2024-12-02 13:27:56 +01:00 · 2018-10-14 16:56:50 +08:00 · 2018-10-14 16:56:50 +08:00 · b1e4e389f3
commit b1e4e389f3
parent 5d90a8a5f3
2 changed files with 55 additions and 1 deletions
--- a/youtube_dl/extractor/cctv.py
+++ b/youtube_dl/extractor/cctv.py
@ -1,6 +1,7 @@
 # coding: utf-8
 from __future__ import unicode_literals
 import json
 import re
 from .common import InfoExtractor
@ -189,3 +190,56 @@ class CCTVIE(InfoExtractor):
            'duration': duration,
            'formats': formats,
        }
 class CCTVChannelIE(InfoExtractor):
    IE_DESC = '央视网 栏目'
    _VALID_URL = r'http://tv.cctv.com/lm/(?P<id>[0-9A-Za-z-_]+)/?'
    _TESTS = [{
        'url': 'http://tv.cctv.com/lm/d10fys/',
        'only_matching': True,
    }]
    def _entries(self, page, playlist_id):
        re_req_item_id = re.compile(r'setItemByid[a-zA-Z0-9]+')

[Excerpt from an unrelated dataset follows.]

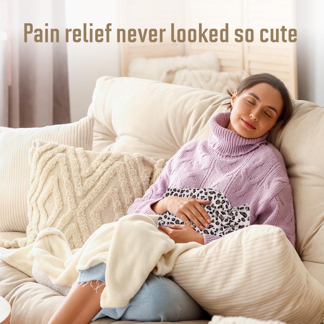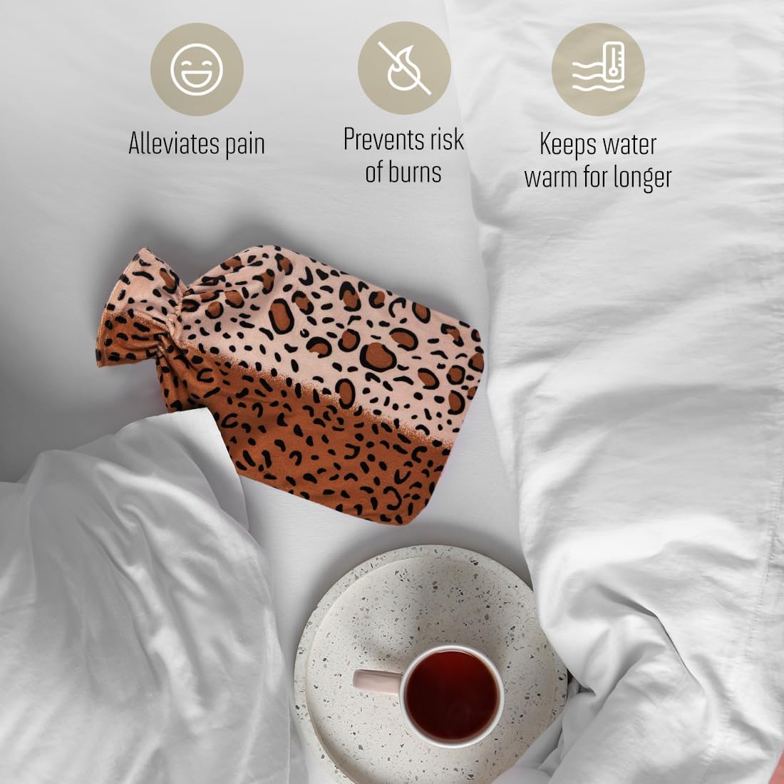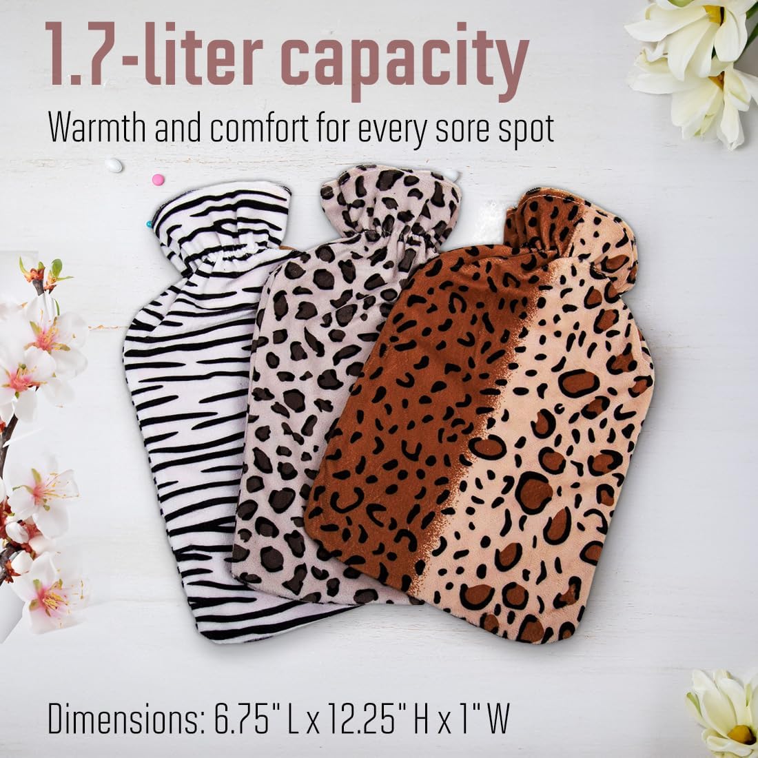 Bodico 热水袋带盖,橡胶加热垫,用于缓解痛经、肌肉疼痛等,秋冬季节热水袋,可爱斑马纹,1.7 升

        re_req_id_tmp = re.compile(r'videolistByColumnId\?id=[a-zA-Z0-9]+(?=&)')
        re_req_id = re.compile(r'(?<=id=)[a-zA-Z0-9]+')
        count_per_page = 100
        req_item_id = re_req_item_id.findall(page)[0]
        req_id = re_req_id.findall(re_req_id_tmp.findall(page)[0])[0]
        page = 0
        while True:
            page += 1
            url_template = "http://api.cntv.cn/lanmu/videolistByColumnId" + \
                           "?id={}&serviceId=tvcctv&type=0&n={}&t=jsonp&cb={}&p=".format(
                               req_id, count_per_page, req_item_id)
            content = self._download_webpage(url_template + str(page), playlist_id)
            if not content:
                break
            content = content.rstrip()
            req_item_id = re_req_item_id.findall(content)[0]
            video_list = json.loads(content[(len(req_item_id) + 1):-2])["response"]["docs"]
            for content_dict in video_list:
                video_id, video_title, video_url = \
                    content_dict["videoId"], content_dict["videoTitle"], content_dict["videoUrl"]
                yield self.url_result(video_url, ie="CCTV", video_id=video_id, video_title=video_title)
            if len(video_list) < count_per_page:
                break
    def _real_extract(self, url):
        channel_id = self._match_id(url)
        channel_page = self._download_webpage(
            url, channel_id,
            'Downloading channel page', fatal=False)
        if channel_page is False:
            raise Exception('CCTV said: Cannot connect to {}'.format(url), expected=True)
        return self.playlist_result(self._entries(channel_page, channel_id), channel_id)
--- a/youtube_dl/extractor/extractors.py
+++ b/youtube_dl/extractor/extractors.py
@ -183,7 +183,7 @@ from .cbsnews import (
 from .cbssports import CBSSportsIE
 from .ccc import CCCIE
 from .ccma import CCMAIE
-from .cctv import CCTVIE
+from .cctv import CCTVIE, CCTVChannelIE
 from .cda import CDAIE
 from .ceskatelevize import (
    CeskaTelevizeIE,